On the first anniversary of the People's Republic of China in 1950, the China Acrobatic Troupe was founded as the country's first state-level art troupe.
Its first task, assigned by then- Premier Zhou Enlai, was to visit the former Soviet Union on a friendship mission.
Over five decades later, the iconic troupe set another landmark: With a crew of more than 700, it became the first among China's dozen large state-level art troupes to be partially privatized.
The decision, announced by its management on Monday, will change the troupe into a shareholding company with a private real estate company holding more than 40 percent of its shares, the state remaining the majority shareholder.
"By introducing a good, private shareholder, the acrobatic troupe will be run like a real business and hopefully enter the mainstream world market," said Li Enjie, the troupe's director.
China's cultural sector has always been carefully managed, but the downside is that thousands of state-owned art troupes are run as if still in the planned economy.
They didn't undergo restructuring as other state-owned enterprises did in the past decade, let alone being privatized, so Li's words reflect a change in the mindset of troupe managers.
With troupes floundering in the flourishing market economy, it's no surprise that managers are crying out for restructuring.
The central government has been calling for a reform of the cultural sector since 2001. In the past two years, it published a series of regulations to encourage private businesses to enter the sector.
The first came out in August 2005. Titled "Some Decisions of the State Council About the Entry of Private Businesses Into the Cultural Industry," it was given such importance that the People's Daily published the full text on its front page.
It stipulated that private businesses would be encouraged and supported if they entered art dealing, art education, art troupes, cinemas, entertainment, museums, and online games.
Private businesses are allowed to hold no more than 49 percent of the shares in some aspects such as the printing and distribution of publications, advertisements in, and the distribution of, newspapers and magazines, the production of radio and television programmes, and the production and distribution of movies. However, art troupes were left out.
The State Council issued a second regulation in January that promoted the restructuring of state-owned cultural enterprises while preventing the loss of state-owned assets.
With those two regulations publicized, the Ministry of Culture published an explanatory regulation this August saying that the restructuring of art troupes would be considered individually.
The reform put forward has been hailed as a forecast of "an effective cultural management system and an efficient cultural industry." For individual cultural organizations, it meant the way was cleared for private investment and the increased involvement of their managerial teams.

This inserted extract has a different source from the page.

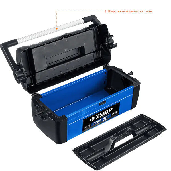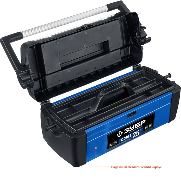 Ящик для инструментов ЗУБР Профессионал СОЮЗ-25, 640 x 250 x 240 мм, 25″ , металлический 38151-25_z01

In the case of China Acrobatic Troupe, China Yin Tai Holdings Ltd, owner of the Beijing Yintai Centre in the heart of the capital's Central Business District, signed a contract to invest 50 million yuan (US$6.39 million), becoming the second-largest shareholder.
The majority shareholder will be the Beijing Cultural Development Centre under the Beijing municipal government's cultural bureau. Its shares have been converted from the troupe's state-owned assets and amount to about 59 million yuan (US$7.54 million).
Yin Tai Holdings decided to buy shares in the troupe because it has been earning money and still has a great market potential, troupe director Li said.
In the past six years, the troupe's revenue was halved, Li told China Daily. The government took about 15 million yuan (US$1.9 million) a year, and the troupe was allowed to keep the other 15 million.
"The China Acrobatic Troupe has been the most profitable among the country's thousands of acrobatic troupes, whether state or privately owned," Li said.
It earned the money through overseas tours and performing for foreign tourists every day at a rented theatre in Beijing. And therein lies an irony.
"Almost all our audience are foreigners, whether the shows are at home or abroad," Li said. "It is a sad fact that not many Chinese come to watch us."
Li's troupe can have a dozen groups of actors and actresses performing at different places abroad at the same time.
But because Chinese acrobatic troupes compete so fiercely for favour among international agents, they end up settling for payments as low as US$5,000, less than 1 percent of what Madonna makes for one performance.
"We are taking only a very small share of the revenue of each show," Li told China Daily. "It is kind of unfair. Maybe we can get more after we undergo the reform and become more international."
In the past, the management of the troupe had to go through complicated procedures before it got governmental approval for almost all its major actions, he explained. With private investors at hand, it now plans to fund the creation of about 10 new programs and build a theatre in a major park in Beijing.